Students had mixed reactions on their 2018 DSE English speaking exams, while teachers said they saw an increase in current affairs topics during the group discussions.
The exam consists of two parts – Part A and Part B. In Part A, candidates were given eight minutes to discuss, in a group of four, a topic based on a given short text. Part B (Individual Response) comes straight after, and students are given one minute to respond to a question based on the group discussion.
Kenneth Lau, a tutor from Beacon College, said a lot of this year’s questions revolved around current affairs and everyday life, such as policies on drone flying and e-sports.
“They were very realistic questions, and less imaginative compared to previous years,” he said.
Lau added that students who had familiarised themselves with current events to prepare for Paper Two (Writing) should have found the exam relatively easy.
But Cheng Tim-tim, a teacher from Kiangsu-Chekiang College (Kwai Chung), said candidates who had not been exposed to “a wider range of culturally relevant texts” might have had difficulty elaborating on topics such as the gong bath (a form of sound therapy) and the Buddha-like mentality of doing nothing.
Cheng added that there had been fewer international topics this year, with questions more focused on local figures such as Li Ka-shing and Rex Tso. There was also a lot of questions on technology and the environment.
Eunice Yip, 17, said her group discussion topic had been an unexpected one. She had been asked to evaluate Baptist University’s policy of not requiring students to maintain a 70 per cent or above attendance record.
Suggested areas of discussion had included looking at the advantages and disadvantages of the policy, whether it will succeed, and whether it can be applied to secondary schools.
HKDSE English Language exam fairly straightforward this year, but students found they still needed to ‘think twice’ to answer
“I wasn’t able to recall a single college or university that uses such schemes,” said the Pooi To Middle School student. “Overall, though, there was lots to talk about.”
A teacher, surnamed Chan, said that this question had been an acceptable level of difficulty as students would have been able to relate it to their secondary school life. Keywords like “advantages and disadvantages” had also been seen a lot in past papers, he added.

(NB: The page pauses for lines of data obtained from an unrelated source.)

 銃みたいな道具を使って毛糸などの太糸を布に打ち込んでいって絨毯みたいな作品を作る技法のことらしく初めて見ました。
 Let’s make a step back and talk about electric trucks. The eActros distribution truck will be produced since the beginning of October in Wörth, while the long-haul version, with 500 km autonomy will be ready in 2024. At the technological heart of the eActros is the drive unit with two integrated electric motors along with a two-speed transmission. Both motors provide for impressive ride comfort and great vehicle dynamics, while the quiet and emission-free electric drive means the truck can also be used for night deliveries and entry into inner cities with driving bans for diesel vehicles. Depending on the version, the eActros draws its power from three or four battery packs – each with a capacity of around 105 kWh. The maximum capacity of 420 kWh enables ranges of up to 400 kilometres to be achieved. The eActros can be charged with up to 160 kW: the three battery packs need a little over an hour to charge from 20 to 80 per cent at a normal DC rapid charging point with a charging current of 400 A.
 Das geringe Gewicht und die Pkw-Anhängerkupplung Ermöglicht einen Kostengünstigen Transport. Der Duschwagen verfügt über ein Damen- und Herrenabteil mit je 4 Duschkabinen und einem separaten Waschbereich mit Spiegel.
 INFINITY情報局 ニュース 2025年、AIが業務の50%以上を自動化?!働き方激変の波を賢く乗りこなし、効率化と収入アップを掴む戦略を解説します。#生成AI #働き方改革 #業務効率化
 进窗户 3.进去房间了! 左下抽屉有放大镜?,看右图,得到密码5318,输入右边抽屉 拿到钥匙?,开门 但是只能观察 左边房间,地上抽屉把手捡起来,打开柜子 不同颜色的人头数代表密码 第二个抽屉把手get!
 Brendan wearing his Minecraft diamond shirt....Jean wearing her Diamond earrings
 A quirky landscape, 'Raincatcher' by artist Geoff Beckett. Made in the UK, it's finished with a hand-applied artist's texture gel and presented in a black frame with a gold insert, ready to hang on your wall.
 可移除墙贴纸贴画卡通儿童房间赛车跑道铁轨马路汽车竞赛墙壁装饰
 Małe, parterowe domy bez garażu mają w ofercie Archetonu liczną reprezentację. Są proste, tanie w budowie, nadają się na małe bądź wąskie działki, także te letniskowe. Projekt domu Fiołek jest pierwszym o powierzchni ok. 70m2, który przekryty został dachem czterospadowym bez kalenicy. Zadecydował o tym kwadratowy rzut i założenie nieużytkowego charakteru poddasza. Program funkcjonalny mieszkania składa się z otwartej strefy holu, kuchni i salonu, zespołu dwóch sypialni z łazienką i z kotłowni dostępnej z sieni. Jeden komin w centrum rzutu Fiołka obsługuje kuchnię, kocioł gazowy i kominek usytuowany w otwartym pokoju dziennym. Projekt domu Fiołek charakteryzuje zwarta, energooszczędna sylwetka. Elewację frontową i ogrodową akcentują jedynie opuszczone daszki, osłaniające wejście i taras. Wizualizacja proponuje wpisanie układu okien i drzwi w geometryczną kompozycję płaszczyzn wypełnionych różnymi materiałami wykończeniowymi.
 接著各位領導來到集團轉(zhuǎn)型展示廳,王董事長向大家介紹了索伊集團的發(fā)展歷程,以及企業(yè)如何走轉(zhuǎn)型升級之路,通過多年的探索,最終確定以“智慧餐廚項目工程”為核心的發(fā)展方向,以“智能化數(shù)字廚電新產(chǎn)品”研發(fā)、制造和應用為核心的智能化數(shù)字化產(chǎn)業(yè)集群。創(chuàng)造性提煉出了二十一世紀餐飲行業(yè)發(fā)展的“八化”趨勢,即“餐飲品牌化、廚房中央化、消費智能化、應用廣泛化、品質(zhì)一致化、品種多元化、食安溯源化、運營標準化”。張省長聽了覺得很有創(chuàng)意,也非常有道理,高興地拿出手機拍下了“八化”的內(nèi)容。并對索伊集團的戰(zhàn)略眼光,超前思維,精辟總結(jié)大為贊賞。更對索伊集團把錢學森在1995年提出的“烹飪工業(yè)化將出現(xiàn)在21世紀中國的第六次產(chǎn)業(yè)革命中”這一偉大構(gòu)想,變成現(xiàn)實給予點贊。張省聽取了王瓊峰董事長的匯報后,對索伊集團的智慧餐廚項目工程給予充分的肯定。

Lam Chun-ngai, 17, described his topic and its level of difficulty as about average. The Ying Wa College student’s given scenario was a school receiving an invitation from Television Broadcasts Limited, encouraging students to join a talent show.
Students were asked to discuss the reasons for people to join the talent show, the advantages and disadvantages of young people joining it, and whether parents should allow their children to take part in it.
“The biggest challenge was that everyone in my group was very active, and can speak English fluently,” he said. “It made it difficult to outperform the others or to seem outstanding.”
Lau said students attempting this question could have tried to talk about the reasons for joining a talent show and its advantages at the same time.
“It’s not necessary to discuss things individually,” he said.
According to the Hong Kong Examinations and Assessment Authority, a detailed examination report will be released in November this year, which will include all the examination questions and comments on students’ performance.
The last English Speaking examination will take place next Thursday and Friday (May 24-25). They are sessions specially designed for candidates with special educational needs.